01 Mayıs 2024

"Zarar"ın kıyısında dolaşmak

Olağanüstü dönemlerde merkez bankalarının zarar açıklamasının "geçici ve istisnai" olduğunu kabul etsek bile bu tez ve bu tablodaki inandırıcılık, kaçınılmaz olarak, zararın ardındaki politikanın kimler için ve hangi talimatla üretildiği sorusunda düğümlenmektedir

Merkez Bankası'nın 2023 yılı için zarar açıklayacağı biraz daha önce; bu zarar tutarınınsa 818,2 milyar TL olacağı da geçtiğimiz haftalarda yayımlandı, duyuruldu. Konu kamuoyunda etraflıca tartışıldı. Bugün için Banka zararının önemli bir kısmının, Kur Korumalı Mevduat (KKM) hesaplarına ödenen kur farklarından kaynaklandığı en azından, konuyla ilgili çevrelerde bilinmekte.
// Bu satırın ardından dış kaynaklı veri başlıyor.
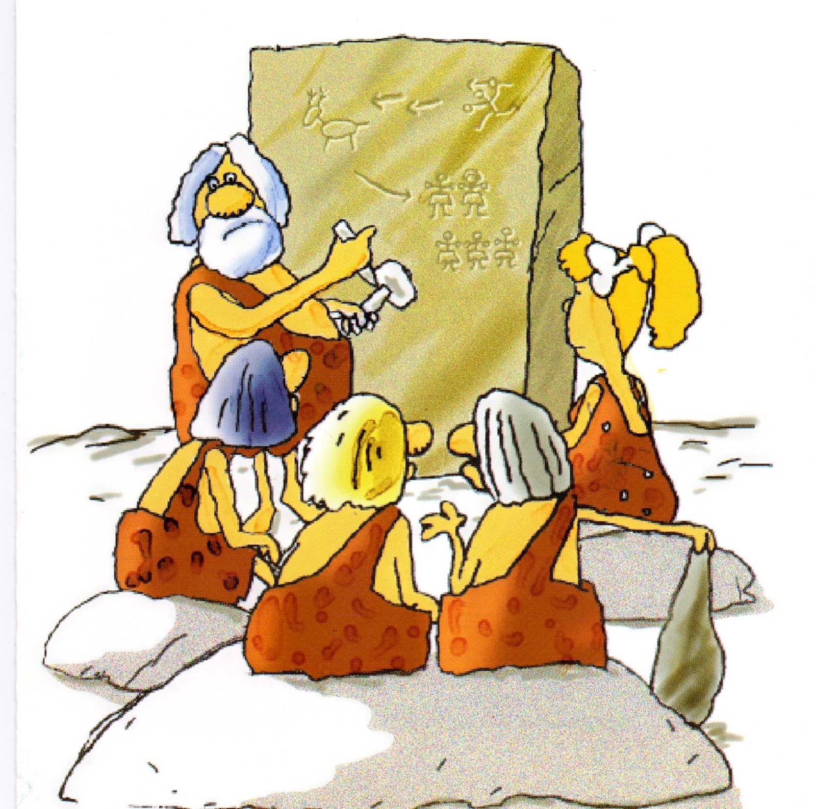 Si, por ejemplo, un buen día llegaba uno de los trogloditas, al que llamaremos Hug (© Gosset), e informaba a nuestro cuentacuentos primigenio de que había “cazado un mamut terciadito”, la hazaña se convertía, en su boca, en una narración de varios minutos, ponderando el valor, la astucia e inteligencia de Hug para cazar un mamut del tamaño de una montaña. Inmediatamente, al bueno de Hug le salían varias novias.Esta especialización en adornar, contar y ,más tarde, inventar historias no era cosa baladí. No nos olvidemos de que, al llegar la noche, no había televisión y ni siquiera tenían ADSL en la caverna, porque no existía Jazztel para darles el coñazo. Después de un duro día de trabajo, de expediciones de caza, de esquivar a cazadores más grandes y haber sobrevivido a ello, el mejor momento de la jornada se producía al llegar la noche, cuando, a la luz y al calor de la hoguera, nuestro cuentacuentos les narraba una y mil veces lo grande y fiero que era el mamut que había cazado Hug.Poco a poco, el storytellerprimitivo se fue dando cuenta de la influencia que podía ejercer sobre la comunidad. A él no le molaba salir a cazar y correr el riesgo de morir devorado o pisoteado. Lo que le gustaba era tumbarse bajo un árbol y darle a la chola, hasta que se le ocurría alguna historia que poder contar esa noche. Así es que pidió audiencia al jefe de la tribu y le dijo: “Cucha primo: cazadores hay muchos; si se despanzurran dos o tres, no pasa nada. Pero ¿y si el despanzurrado fuese yo? Las cenas frente a la hoguera se os harían más aburridas que un domingo sin fútbol”.
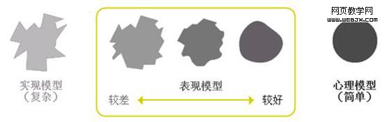 在很多情况下,多可能是件好事。但在交互设计的世界中,正好相反,我们应该不断地在减少界面元素的情况下仍旧保留产品的功能。这是由用户的心理模型决定的。Alan Cooper在其著About Face3: The Essentials of Interaction Design一书中曾经形象地描述过“现实模型”、“表现模型”和“心理模型”之间的关系,用图示说明大概如下:
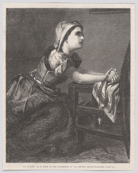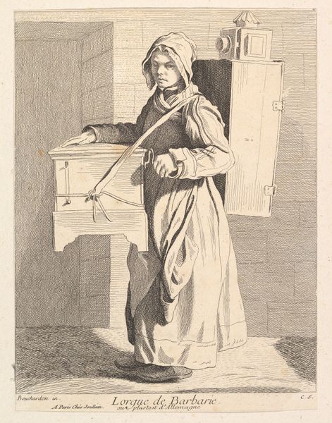 Editor: Here we have "Oudere vrouw met spinrok," or "Old Woman with a Spinning Wheel," an engraving by Enea Vico, dating from between 1533 and 1567. It’s got this incredible level of detail, given the medium, and I'm immediately struck by how the artist captures the woman's focused attention on her work. How do you interpret this piece? Curator: The strength of this engraving lies within its masterful orchestration of line. Observe the intricate cross-hatching that models the figure's voluminous drapery, creating a palpable sense of form and texture. Note how this contrasts with the smoother areas of the background. Editor: So, the texture is achieved through line variations, not through color, obviously, since it’s monochrome. Is there anything particularly noteworthy about the composition itself? Curator: Indeed. Consider the strategic placement of the figure within the pictorial space. The woman’s off-center positioning, balanced by the geometric severity of the architectural elements, lends the work a certain dynamism, preventing it from feeling static or predictable. Do you see how her placement draws the eye throughout the work? Editor: Now that you mention it, yes. It creates a flow that keeps the eye moving. I hadn't really noticed that before. Curator: And finally, note the contrasting areas of sharp focus and deliberate blurring which draw your eyes to different focal points on the work and further enliven the subject through careful composition. Editor: I see what you mean! I’ll definitely look at engravings differently now, thinking about the artist's calculated choices. Thanks for pointing out those formal aspects. Curator: My pleasure. Formal analysis allows us to consider an artwork as a self-contained system of visual relationships, so that its power persists even as cultural contexts shift over time.
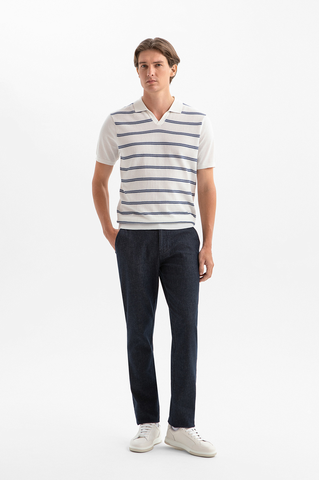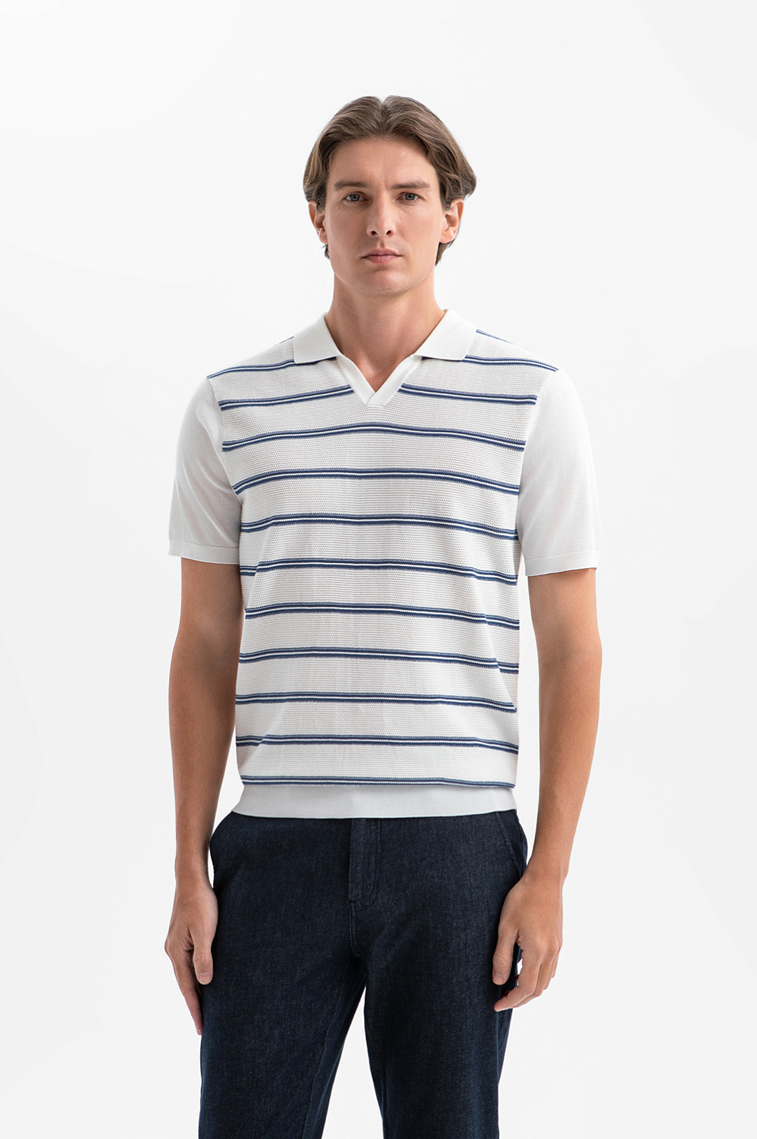 При выборе изысканной базовой одежды сложно представить себе более подходящую вещь, чем белое поло KANZLER из премиального хлопка Пима (100%). В тёплые дни, когда хочется выглядеть свежо и стильно, эта модель подойдёт как для городских выходов, так и для отдыха на природе. Передняя часть выполнена из фактурного трикотажа и украшена синей горизонтальной полоской, которая отсылает к морской эстетике и непринуждённому курортному стилю. Высококачественная ткань произведена из нежного шелковистого хлопка Пима. Тонкие гипоаллергенные волокна позволяют коже дышать и защищают тело от перегревания в жаркие дни.
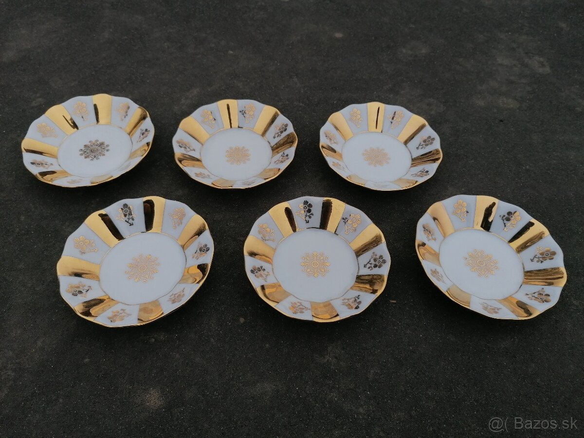Predám porcelánovú sadu zlatených misiek alebo hlbších tanierov- určené na kompót, zmrzlinu. Celá súprava 6 kusov. Misky majú bohaté zlaté zdobenie. Výrobca Porcelánka Concordia Lesov Karlovarský porcelán Československo. Priemer misiek je 12cm, výška 3cm. Cenu ponúknite
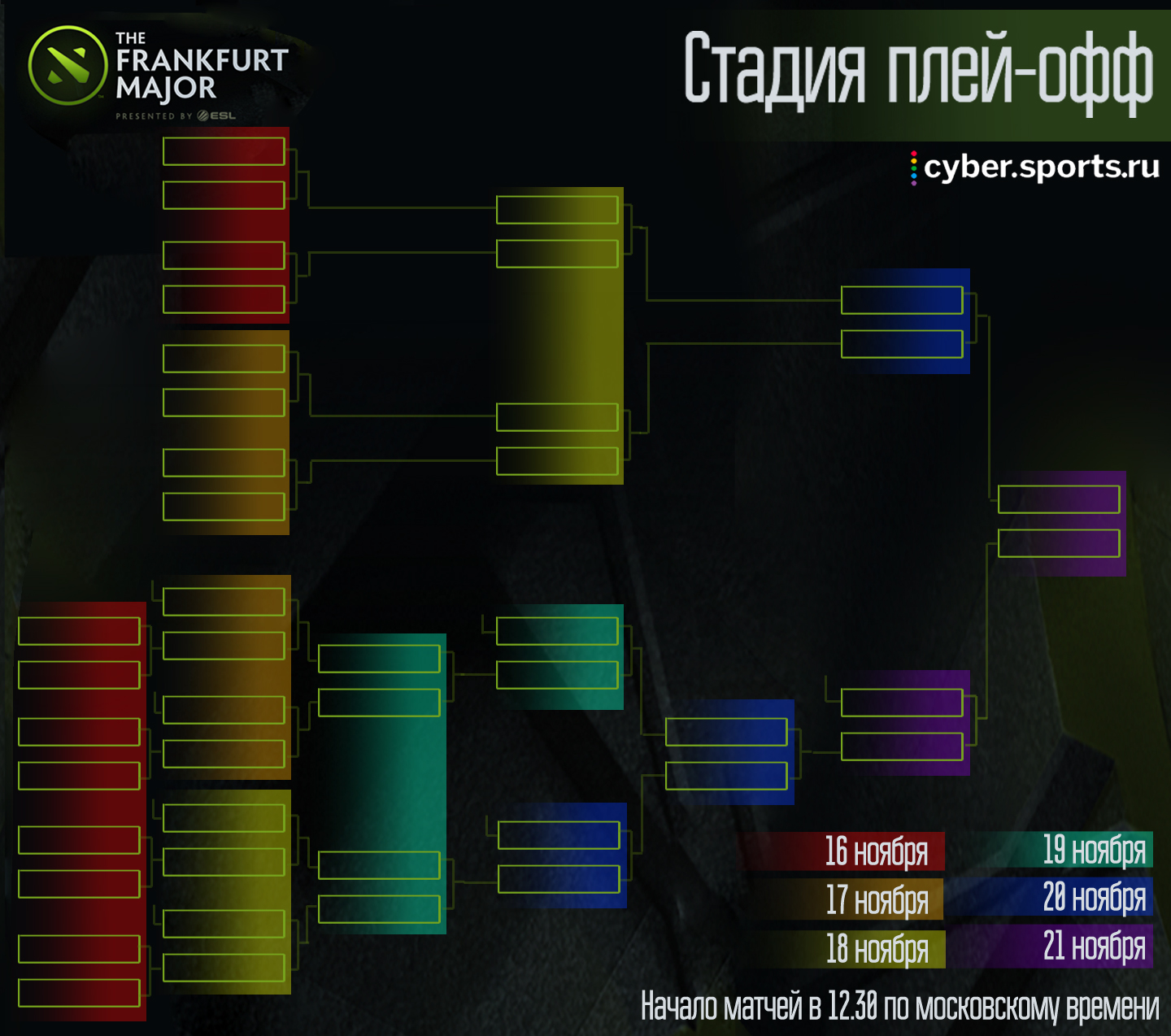 Основная стадия чемпионата пройдет с 16 по 21 ноября. Каждый день нас ждут от двух до шести матчей, каждый день турнир будут покидать как минимум 2 участника.
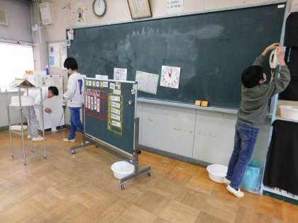 いろいろな場所に隠された、20個の手裏剣を探します。16個も見つけられた1年生チームもいました。
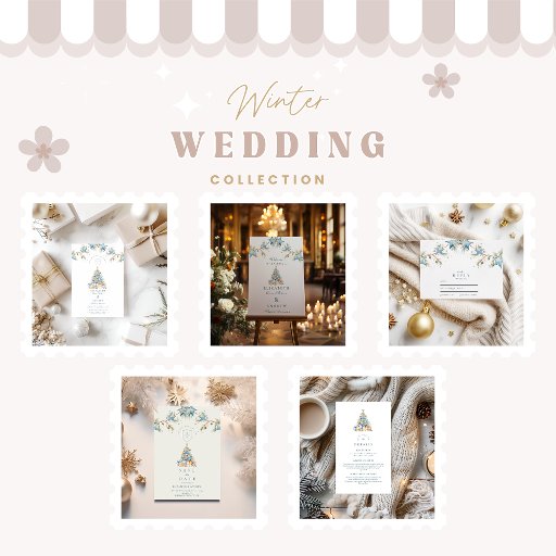 Dieses zarte Design besticht durch einen sanften Weihnachtsbaum in Aquarellen, der mit frostigen blauen Ornamenten und pastellfarbenen Geschenken geschmückt ist und von goldenen Kiefernästen und blauen Sternen gerahmt ist. Ein traumhafter und romantischer Ausflug in eine winterliche Hochzeitssaison - elegant, skurril und voller saisonalen Charme.
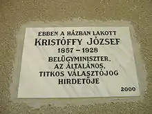 Memorial tablet of Kristóffy (Makó, birthplace)
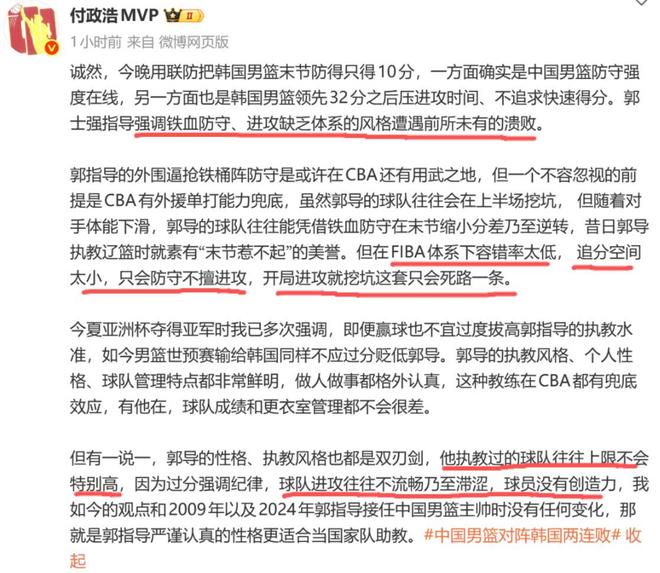 另外,媒體人付政浩也同樣發(fā)文點評了這場比賽,他一針見血指出郭士強強調(diào)的防守和進攻缺乏體系的風(fēng)格,就是造成中國男籃在世預(yù)賽吞下兩連敗的原因。付政浩表示,郭士強的外圍鐵桶陣防守或許在CBA還有用武之地,但前提是CBA有外援單打能力兜底,但在FIBA體系下,中國隊追分空間太小,只會防守不擅進攻,開局進攻就挖坑只會是死路一條。
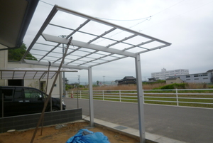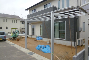 土木工事と化粧ブロック工事の工事が区切りがついたのでこの日はカーポートの設置を行いました![]()
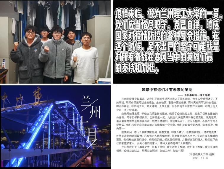 参与活动的李志涛同学说:“在疫情发生后,我们虽然都有担任志愿者的愿望,但是未必都会在抗疫第一现场,因此我们可以用自己喜欢、擅长的方式,参加抗疫‘第二线’、‘第三线’的工作。通过拍摄战疫短视频等方式,为大家加油鼓气。”
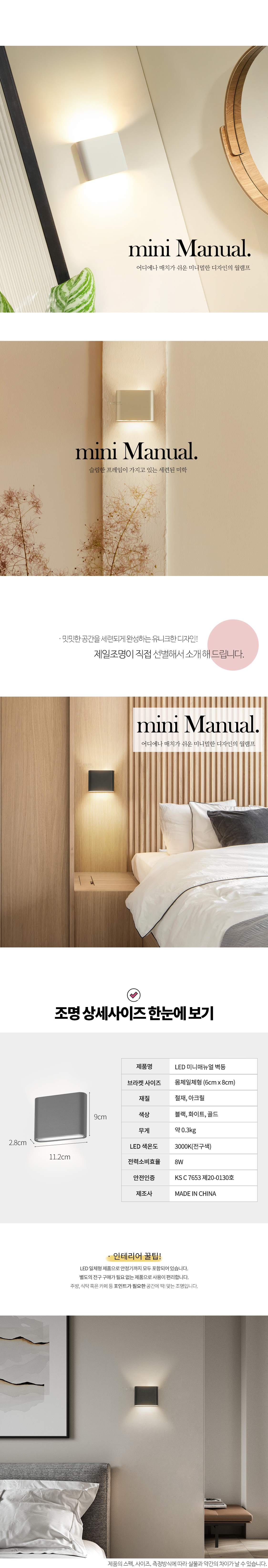 [B/R] LED 미니매뉴얼 벽등 8W_3Color
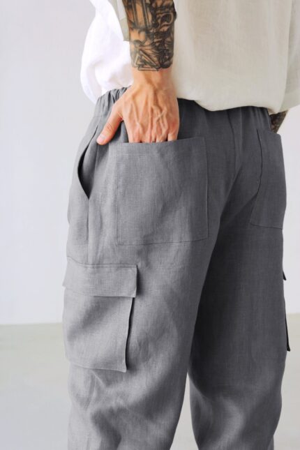Men's cargo linen pants with pockets.
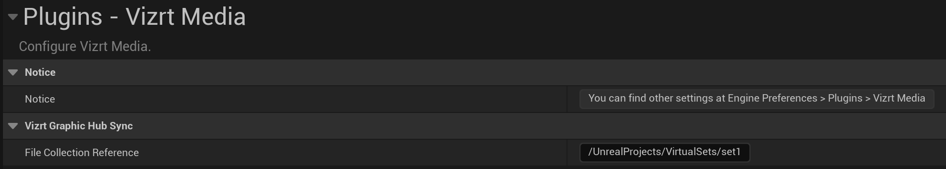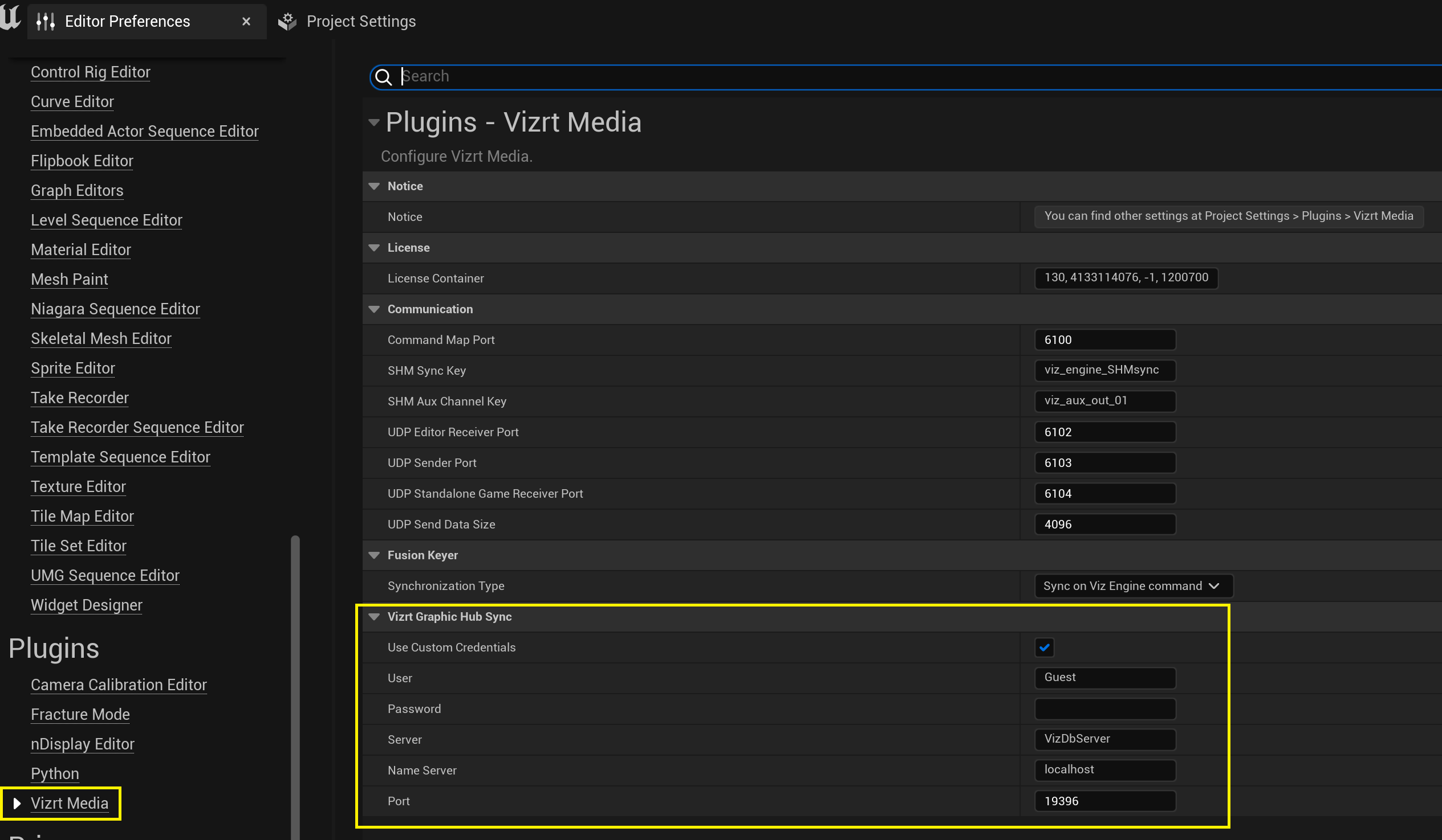 Go to Settings > Project Settings. Navigate to the Plugins > Vizrt Media section.

Gelgelelim bu gerekçe ile söz konusu devasa tutar, öyle bir iki kez konuşulup geçiştirilecek bir konu değil. Çünkü KKM bir vak'adır. Kur'an'ı Kerim'i, "Nas"ı referans gösteren Cumhurbaşkanı Erdoğan'ın yanlış faiz politikasındaki ısrarı ve bu ısrar doğrultusunda ekonomi yönetimini de baskı altına almasının bir bedelidir. Nasıl bir "bedel" denildiğinde, son derece kendine özgü olduğunu söylemek zorunlu. Hâlihazırda varlıklı olan gerçek ve tüzel kişiler için bedel değil, olsa olsa nimetten bahsedebiliriz. Hesapları büyüdü çünkü.

Ama milyonlarca yoksul ve ülke ekonomisinin tamamı için bir bedel niteliği taşıyan politikadır KKM.

İşte bu eleştiriyi yapmadan, uydurulmuş bir politik tercih olan KKM'nin yanlışlığını vurgulamadan bu müthiş (!) buluşa hiç dokunmadan yapılan para politikası değerlendirmeleri de eksiktir, sorunludur.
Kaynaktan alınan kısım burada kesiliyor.